The journalist’s lawyer Peter Girvan asked how he was supposed to offer up a legal defence if he could not see the police case against his client.

“The difficulty my client is faced with is she has a vacuum – there is no information for her to respond to.”


The judge said his determination on the police evidence, which he heard last Friday, would be placed in a sealed envelope and would be available to any court of appeal judges if the case ever reached that stage.

“I’m not trying to hide behind anything,” he said. “I’m happy for anybody (in respect of appeal court judges) to look at the reasons why I’ve come to the decision I have.”
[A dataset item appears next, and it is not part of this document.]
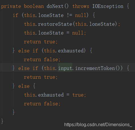 之后用返回的filter对象调用incrementToken方法,外层装饰对象先调用内层装饰对象的incrementToken方法,执行顺序为:最先进行分词,再按照装饰顺序进行过滤,最终分词结果转为指定词元格式后返回。
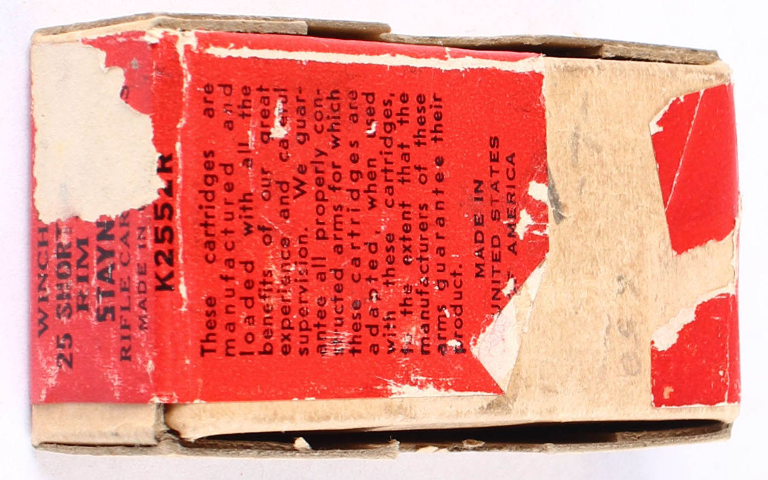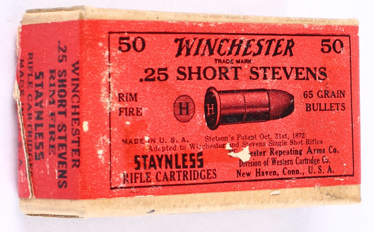 Winchester, .25 Short Stevens R.F., Staynless, Full & sealed on one end, 2pc. Buff box with orange wraparound label, box is solid with excellent color, light rub marks & minor edge wear, ammo is near mint. Grade: Excellent + - Value: 100 to 200

After the judge receives skeleton argument from the respondent and the applicants he will then progress the case to a full hearing on 29 May.

Breen has refused to comply with police requests made formally to her 11 days ago to hand over the information, insisting she has to protect her sources.

Outside court she condemned the decision not to disclose the police case.

“I think it is quite disgraceful that we are never perhaps during this case getting to hear the police evidence that has brought us to court,” she said.

Breen was flanked by supporters and representatives from the National Union of Journalists, which is backing her stance.

NUJ Irish secretary Séamus Dooley said: “A journalist who hands over confidential material is compromised and is immediately put at risk. Suzanne Breen has no option but to refuse to hand over material.

“It is bad enough that a journalist should be faced with the prospect of going to jail in order to protect confidential sources of information but to face such a threat based on evidence given in private is an affront to the principles of natural justice.

“The right to protect sources is vital to journalists. Any legal threat to the protection of sources is a direct threat to whistleblowers and is therefore not in the public interest.”

NUJ deputy general secretary Michelle Stanistreet added: “The NUJ has a long history of standing up for journalists who are being threatened by an arm of the state over protection of their sources.

“We express our total solidarity with Suzanne and urge all members to support the campaign in her defence.”


Breen went on to explain what her defence would be based on.

“Our arguments will be twofold,” she said. “It will be based on the protection of sources, the journalist’s right to confidentiality, it’s part of the NUJ code of conduct.

“And it will also be based on the risk to my life.”

The SDLP said today that it had tabled motions at Westminster, in the Northern Ireland Assembly and in councils across the province in support of Breen.

Party leader and Foyle MP Mark Durkan said the decision of the PSNI to take the journalist to court could put investigative reporting and reporters at risk.

He said: “The SDLP acknowledge the proper role the PSNI must play in the investigation of crime.

“However we are extremely concerned at the decision of the PSNI to seek a court order compelling the Sunday Tribune’s northern editor, Suzanne Breen, to disclose information gathered in her reporting of dissident republican terrorist activities.

“We believe this order would put both investigative reporting and reporters at risk.”

Furthermore, he said, it could deter people with information about wrongdoing from coming forward to journalists.

“The SDLP reiterates our call for anyone with information relating to the murders of Sapper Patrick Azimkar, Sapper

Mark Quinsy and Constable Stephen Carroll (in Craigavon two days later) to provide it to the PSNI,” added Durkan.

The police declined to comment on Breen’s claims.”

There are ongoing legal proceedings and it would be inappropriate for us to comment at this time,” said a PSNI spokeswoman.